NIM VIND – Passendes Wetter

 

Passend zum Wetter, dunkle Wolken über dem Summer Breezer, steigen die Horrorpunker aus Kanada auf die Camel-Stage. Die Band wurde 2005 von Frontmann Chris Kirkham gegründet. Mit viel Rauch und Schminke wolle sie das Horror Image hier unterstreichen. Dabei spielen sie doch eher eingängige Songs mit einem kleinen lächeln im Gesicht.

Nocte Obducta
Nocte Obducta

NOCTE OBDUCTA – Gedrungene Atmosphäre

 

Dunkel geht es zu im Zelt als NOCTE OBDRUCTA die Bühne betreten. Am Anfang dachte man noch die Spots hätten Ihren Geist aufgegeben, aber hin und wieder wurden die Black Metaller in dunkles rot getaucht, was dem ganzen einen passenden Hintergrund bot um die Stimmung zu verinnerlichen, was die familiäre Fangemeinde im Zelt mit headbangen dankte.

 

STEEL PANTHER – Wahnsinnnig

 

Man kennt Steel Panther und kann sich einigermaßen vorstellen wie ein Auftritt der Glam Rocker aus Los Angeles. Was an diesem Abend aber passierte setzte allem die Krone auf. Wie immer bis ins kleinste Detail durch gestylt, die Haare, die Schuhe, die Schminke, alles sitzt. Umso spartanischer die Bühne. Alles wie immer. Dicht gedrängt stehen die Fans vor der Bühne und zieht bis nach hinten hin. Auch der einsetzende Regen lässt keinen gehen während Steel Panther ihr Set unter dem Beifall der Fans anfangen.

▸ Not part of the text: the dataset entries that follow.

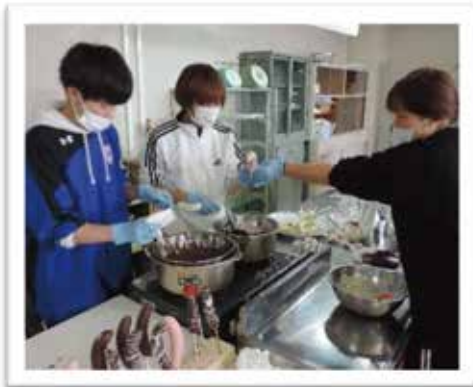
来年の農大祭ができますように！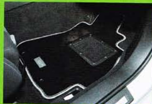
スポーツ走行可能な程度まで毛足を伸ばした質感上々のフロアマット。密度も高く、ヒールプレートやメタルロコプレートも付属させるなど高級仕立てだ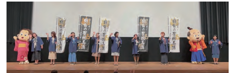
2025.6.5 関女連総会武生大会 次年度開催地\長浜/PR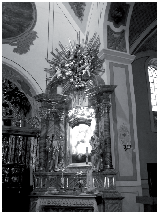
Il. 10. Ołtarz po północnej stronie łuku tęczowego, (fot. autor, 2014)

akter przekształcenia kaplicy w mauzoleum rodowe Przerębskich usankcjonował przewagę ideowego znaczenia słynącej łaskami rzeźby, której kult pozostał wiodącym celem użytkowania wnętrza. Funkcję grobową nadano wnętrzu w 1616 roku, po siedmiu latach przechowywania w nim słynącej łaskami rzeźby 59 . Dominującym elementem wyposażenia kaplic beznagrobkowych stały się ołtarze sytuowane na wprost wejścia do kaplicy 60 . Zgodność z powyższym schematem zachowano w Świętej Annie, gdzie cudowny wizerunek wkomponowano w nastawę dostawioną do północnej części muru. Deficyt materiałów źródłowych nie pozwala na rekonstrukcję wystroju pomieszczenia w XVII wieku. Inwentarze spisywane w kolejnym stuleciu również pozbawione są informacji dotyczących chorągwi lub tablic poświęconych rodzinie Przerębskich 61 . Należy jednak przypuszczać, że w kaplicy istniały detale upamiętniające ród, do których mogły należeć – widoczne w wielu realizacjach z epoki – herby wpisane w pendentywy lub motywy heraldyczne zdobiące czaszę kopuły. Otwartą kwestią pozostaje również pierwotny cha-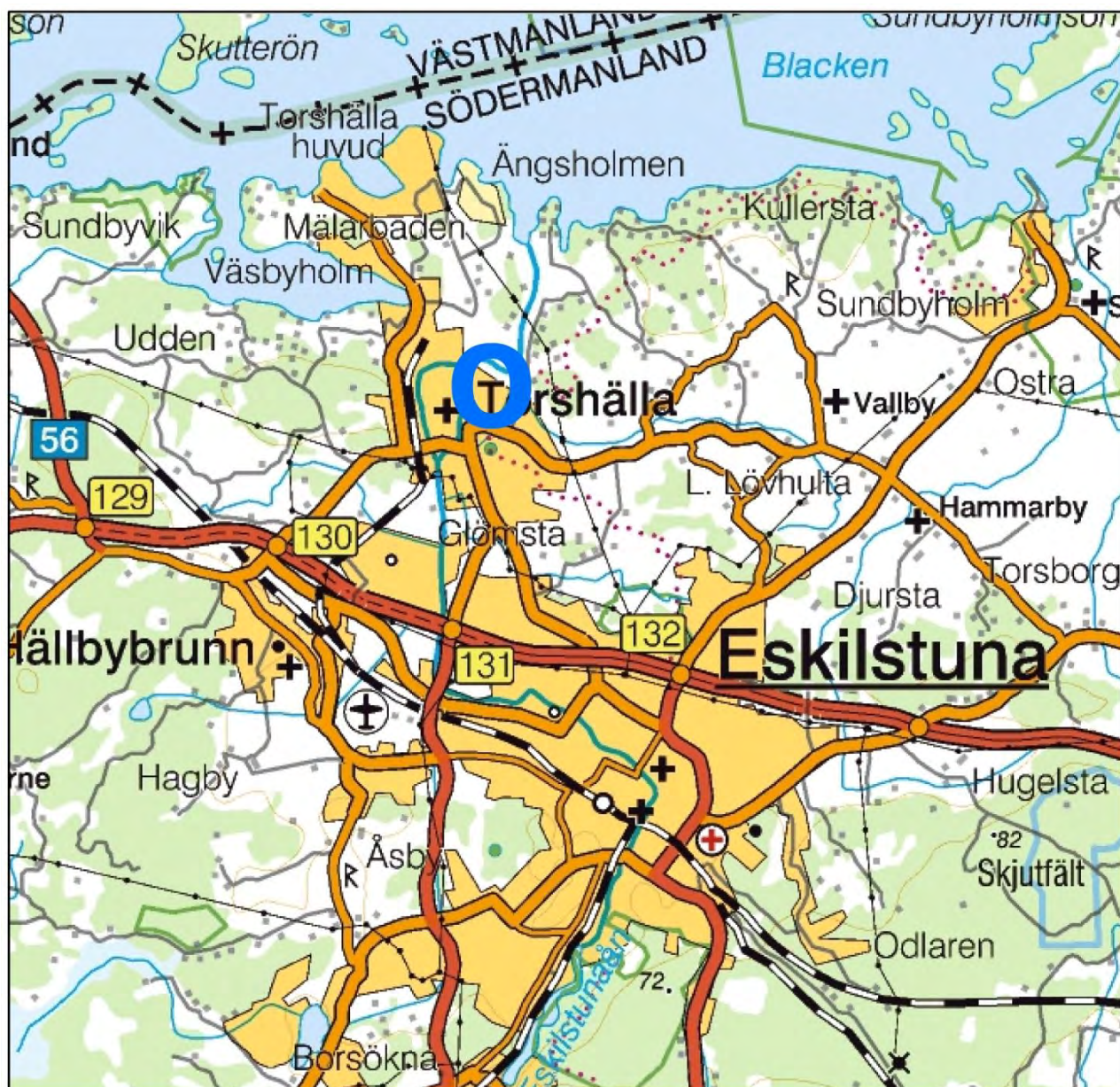
Figur 1. Utredningens läge markerat med blå ring. Utdrag ur Översiktskartan. Skala 1:100 000.

Kartor ur allmänt kartmaterial © Lantmäteriet Gävle. Ärende nr MS2006/01407.

Schon nach den ersten Ansagen hätte man erahnen können, wie schlüpfrig und nackt dieser Abend noch werden wird. Wie immer wird über nackte Tatsachen und dem naschen in gebrochenem deutsch geredet. Die Pausen zwischen den Liedern werden immer länger. Das gilt auch für das zeigen von Haut. Nach und nach ziehen immer mehr Mädels oben blank - teilweise auch ohne Aufforderung. Bis dann Michael Starr der Frontmann die Mädels auffordert auf die Bühne zu kommen, zum Schluss waren es an 30 Mädels die halb nackt auf der Bühne tanzten. Steel Panther hatten sichtlich Spaß, mit dem ein oder anderen Mädel ging es auch etwas enger beim gemeinsamen tanzen zu. Als die Bühne irgendwann wieder nur von den Musikern beansprucht wurde, wurde mit einem riesigen aufblasbaren Penis aus dem Publikum auf der Bühne experimentiert. Eine wahnsinnige Show, viel Spaß, ein ausgelassenes Publikum und etwas Musik. Unvergesslich!